I’m telling you what, man, if you were getting high and doing the wrong thing, you did not want to see me in the early days of Club Serenity. And, we’re just having fun helping people. And, one of my best friends, Lee Robertson, he always has this saying, he says, don’t get nervous, get in service.

And I, said, Lee, I, I don’t know what we should do next. He’s like, listen man, we need housing. We need housing in this area. And it’s a truly a big disparity in our community. And I said, yes. I said, what should we do? He says, listen man, maybe you need to talk to the city council, and I said they need something and Joey P you might be the something they need.

And so, I went to the city council, I’m speaking, and that was when like the social work came out and the advocate, I’m speaking to the council, like, we ain’t leaving here till we get some help. And I go there month after month and I’m teaching myself how to write grants and bylaws from YouTube and we’re making changes.

and, I just kept serving and I’m busy living my life just like all these doors, would just keep opening as a result, in that midst of the club serenity, I started school, get my associates and, and that was going on at the time.

And, and I end up getting my associates of social work, human services and social work and, and at the same time, everybody’s dying from the opioid epidemic in the us and so what happened is the governor of Pennsylvania, created these things called centres of Excellence.
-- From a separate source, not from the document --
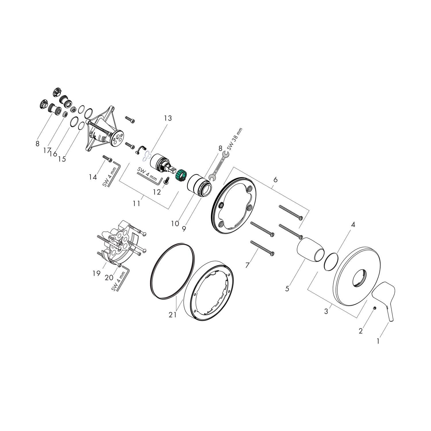 - Lieferumfang: Rosette, Griff, Hülse, Funktionsblock

And there’s these facilities to focus on opiate use disorder clients, and they try to help because they put persons in with life, experience of recovery in the case management, bachelor’s level positions so they could bridge the gaps and do what drug therapy just can’t do, you miss an appointment

well, you get a phone call, well listen, we’re showing up at your house. and we’re kind of like doing this at club Serenity, before there was ever a centre of excellence. So, I get this phone call, And, these two ladies, one’s an executive, one, at the time was like a supervisor, and they said, listen, we want to meet with you at Club Serenity. I said, okay. So, they come in, meet with me, and they spend like an hour and a half trying to convince me to work for them.

They were like, listen, we know what you’re doing is amazing and you’re not getting paid. We want to pay you money to do what you’re doing. I fought them. I said, I don’t want paid you, you could just hang it up. I’m going to do this. I’m a recovery cowboy, and that’s that. And, I fought them and they thought I was crazy.

And, hey, I probably was, but at the same time I remember they left. And, I look up on the wall. And, and it was a sign that I put up a club Serenity it, said, expect a miracle. And, I said, huh? I said, maybe this was a miracle, maybe I am. And I, I chose to work there. And this was the same agency that I went to, intensive Outpatient that I, pretty much learned I was an addict the first time.

 I was a client there, so that was crazy as it is. So, I found myself in 2017 working as a certified recovery specialist, I continue my schooling, everything was happening. I’m staying there, I’m, I’m saving lives. I’m one of the top navigators, we call ’em navigators, like a case worker name in the entire state of Pennsylvania. just all these awards. And, I was a third licensed bachelor of social worker in the state of PA cause our state just got the ability to get that. And my license was like number three. And, and then I got my masters of social work, Then I got my licensed master’s level social work. Then I became project supervisor of one of the big whole c o e campuses in a rural town. Like all this was happening,

And, I wrote like two books in the midst of all that. So, all kind of stuff was happening, And, I got married, I married, my wife Jody, and, and she’s in recovery and she’s now, in school and everything. And, and I started my doctorate, I’m like 60% done.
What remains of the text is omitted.